The most important lines we are going to edit are going to be found on lines 5 -where we change the name, 30 – where we add the path to our image directory, and 69 and 70 – where we can edit the height and width to reflect our training images. Edit these lines to correspondingly attune the trainer to run on your images.

Additionally, we may want to edit the prompts. Several of the prompts refer to animals or scenes, so if we are trying to capture a specific person, we may want to edit these to better inform the model. We can also further control these generated samples using the guidance scale and sample steps values on lines 87-88.

We can further optimize training the model by editing the batch size, on line 37, and the gradient accumulation steps, line 39, if we want to more quickly train the FLUX.1 model. If we are training on a multi-GPU or H100, we can raise these values up slightly, but we otherwise recommend they be left the same. Be wary raising them may cause an Out Of Memory error.

On line 38, we can change the number of training steps. They recommend between 500 and 4000, so we are going in the middle with 2500. We got good results with this value. It will checkpoint every 250 steps, but we can also change this value on line 22 if needed.

Finally, we can change the model from dev to schnell by pasting the HuggingFace id for schnell in on line 62 (‘black-forest-labs/FLUX.1-schnell’). Now that everything has been set up, we can run the training!
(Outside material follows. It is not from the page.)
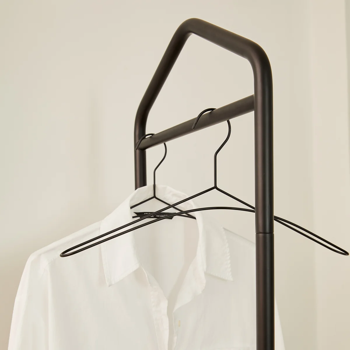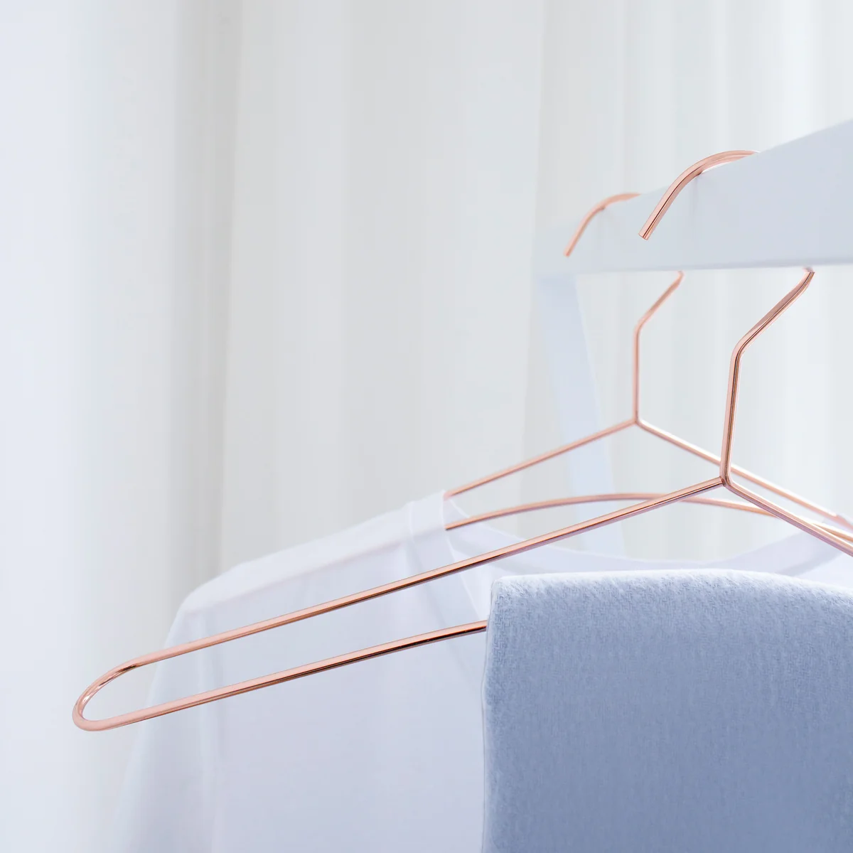 In addition to the practical advantages, the design inspires with a clear and timeless design language, so that the wire hangers can also be used in an open wardrobe or to present individual items of clothing in the store.
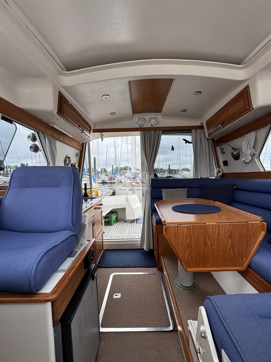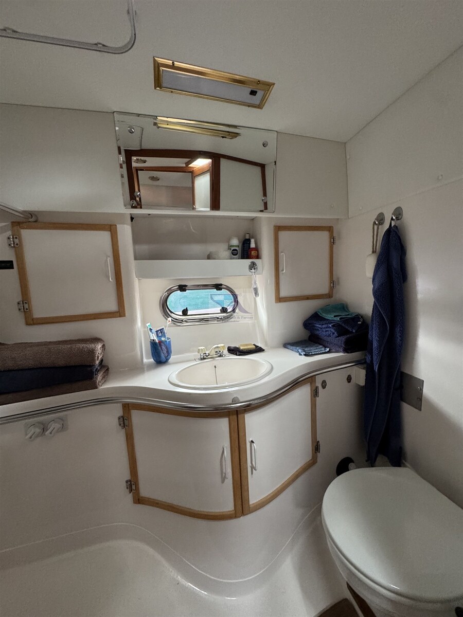 Engine Alarm, Anchor (mit 30m Kette), Water pressure pump, Auto-Trim (Lenco 230 x 610 mit Mente Steuerung (Neu 2023)), 5 Batteries (3x Marine Power 12V/108Ah, 1x 53Ah, 1x 110Ah), Deck Shower, Stern Thruster (mit Betriebsbatterie), Directional Spotlight, Hard top, Fire Extinguishing System, Solar panels (VOTRONIC), Platform, Automatic Bilge Pump, Manual Bilge Pump, Entry door, Teak Cockpit, Shorepower connector, Water harbor connector system, Electric Windlass, Manual Windlass, swimming ladder, cockpit table, Living Room Foldable Table (drehbar und absenkbar), guard rails with gates, Horn.

Running the FLUX.1 Training Loop

To run the training loop, all we need to do now is use the run.py script.

 python3 run.py config/examples/train_lora_flux_24gb.yaml

For our training loop, we used 60 images training for 2500 steps on a single H100. The total process took approximately 45 minutes to run. Afterwards, the LoRA file and its checkpoints were saved in Downloads/ai-toolkit/output/my_first_flux_lora_v1/.

How to Fine-Tune a FLUX Model in under an hour with AI Toolkit and a DigitalOcean H100 GPU
As we can see, the facial features are slowly transformed to more closely match the desired subject’s features.

In the outputs directory, we can also find the samples generated by the model using the previously mentioned prompts in the config. These can be used to see how progress is being made on training.

Inference with our new FLUX.1 LoRA

Now that the model has completed training, we can use the newly trained LoRA to adjust our outputs of FLUX.1. We have provided a quick inference script to use in the Notebook.

import torch
from diffusers import DiffusionPipeline

model_id = 'black-forest-labs/FLUX.1-dev'
adapter_id = f'output/{lora_name}/{lora_name}.safetensors'
pipeline = DiffusionPipeline.from_pretrained(model_id)
pipeline.load_lora_weights(adapter_id)

prompt = "ethnographic photography of man at a picnic"
negative_prompt = "blurry, cropped, ugly"

pipeline.to('cuda' if torch.cuda.is_available() else 'mps' if torch.backends.mps.is_available() else 'cpu')
image = pipeline(
    prompt=prompt,
    num_inference_steps=50,
    generator=torch.Generator(device="cuda" if torch.cuda.is_available() else 'mps' if torch.backends.mps.is_available() else 'cpu').manual_seed(1641421826),
    width=1152,
    height=768,
).images[0]
display(image)

Fine-tuned on the author of this article’s face for only 500 steps, we were able to achieve this fairly accurate recreation of their features:

example output from the LoRA training.

This process can be applied to any sort of object, subject, concept or style for LoRA training. We recommend trying a wide variety of images that capture the subjects/style in as diverse a selection as possible, just like with Stable Diffusion.

Closing Thoughts

FLUX.1 is truly the next step forward, and we, personally, cannot stop using it for all sorts of art tasks. It is rapidly replacing all other image generators, and for very good reason.

This tutorial showed how to fine-tune a LoRA model for FLUX.1 using GPUs on the cloud. Readers should walk away with an understanding of how to train custom LoRAs using the techniques shown within.

Check back here for more FLUX.1 blogposts in the near future!

Related articles

218 Layers With Superior Scaling

Kioxia's booth at FMS 2024 was...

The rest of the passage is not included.